A Game for Bored Math Teachers

Head with jigsaw puzzle inside
Let's say you're an instructor in a low-level math course; maybe something like college algebra, a liberal-arts math course, or something similar. It's possible that you consider this to be beneath you and you're bored in class. Here's a little game you can play with yourself that will spice things up a bit:

When you ask a question to the class, and someone answers incorrectly, see if you can conversationally edit the question in a way that the student would have been right. That is, respond by starting with, "Well, that would be right if the problem said ____", and fill in the end of that sentence in appropriate way. 

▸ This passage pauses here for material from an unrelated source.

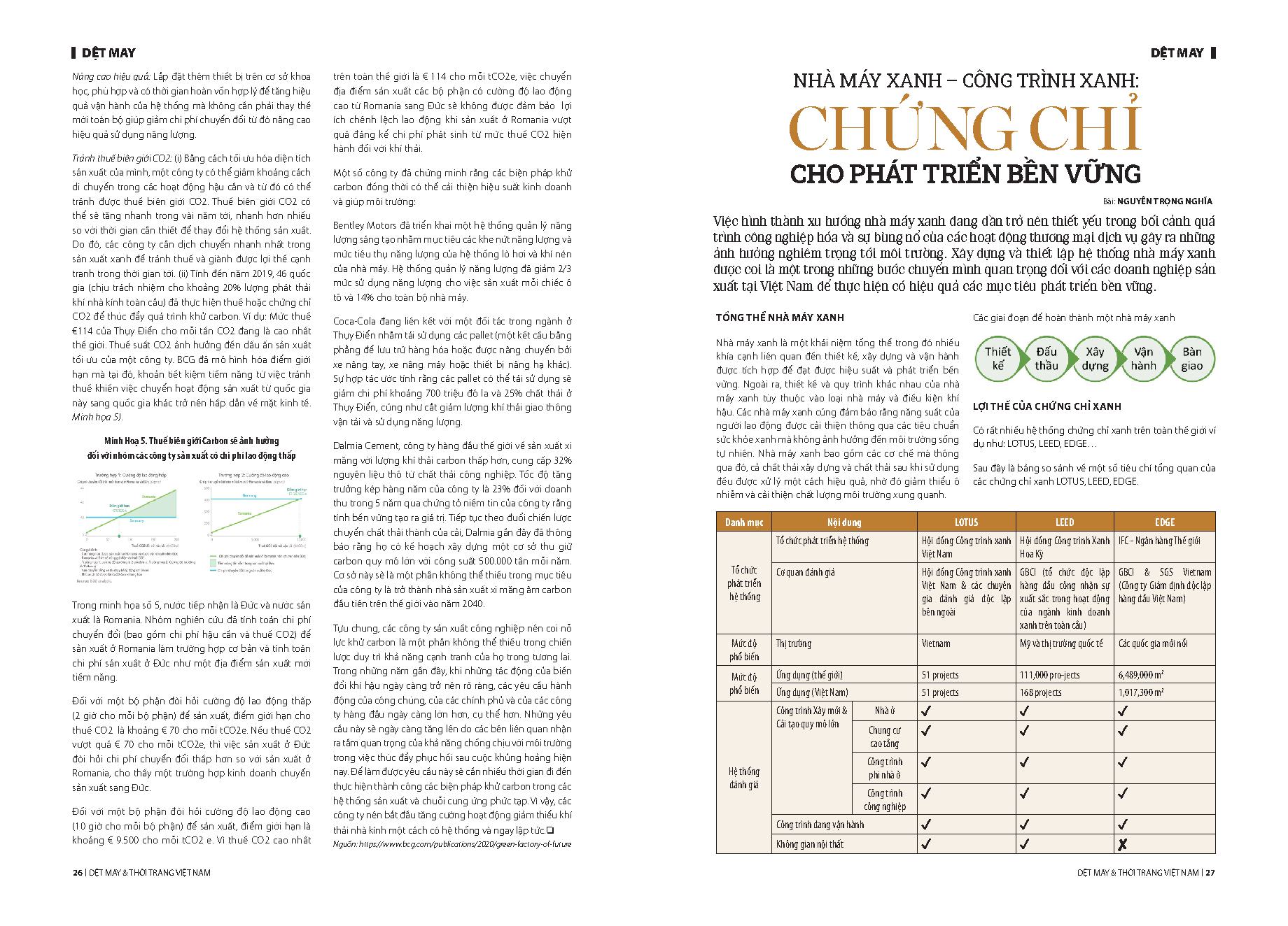 Nhà máy xanh – công trình xanh: Chứng chỉ cho phát triển bền vững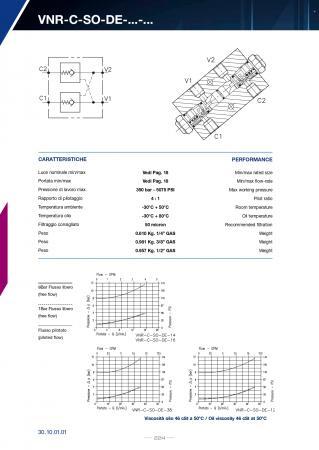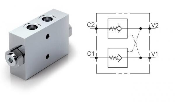 Гидрозамок двухстороннего действия VNR-C-SO-DE-12 003.050 предназначен для удержания гидравлических двигателей в статическом положении под нагрузкой. Гидравлическая жидкость блокируется в полостях гидродвигателя C1 и C2 при отсутствии давления в линиях V1 и V2.

I'm very fond of this technique. It actually accomplishes several things:

  • Makes things a bit more challenging for the instructor, keeping them on their toes
  • Cushions the "no you're wrong" response to the student (a bit like the "shit sandwich" feedback protocol)
  • Force you to diagnose & clarify the misdirected mental pathway for you and the student (and in fact usually the student has misperceived some pattern that's just adjacent to the given problem).

Try it and see how it feels. To be clear: I don't do this because I'm bored in class, but nevertheless I've found it to be a compelling and clarifying technique.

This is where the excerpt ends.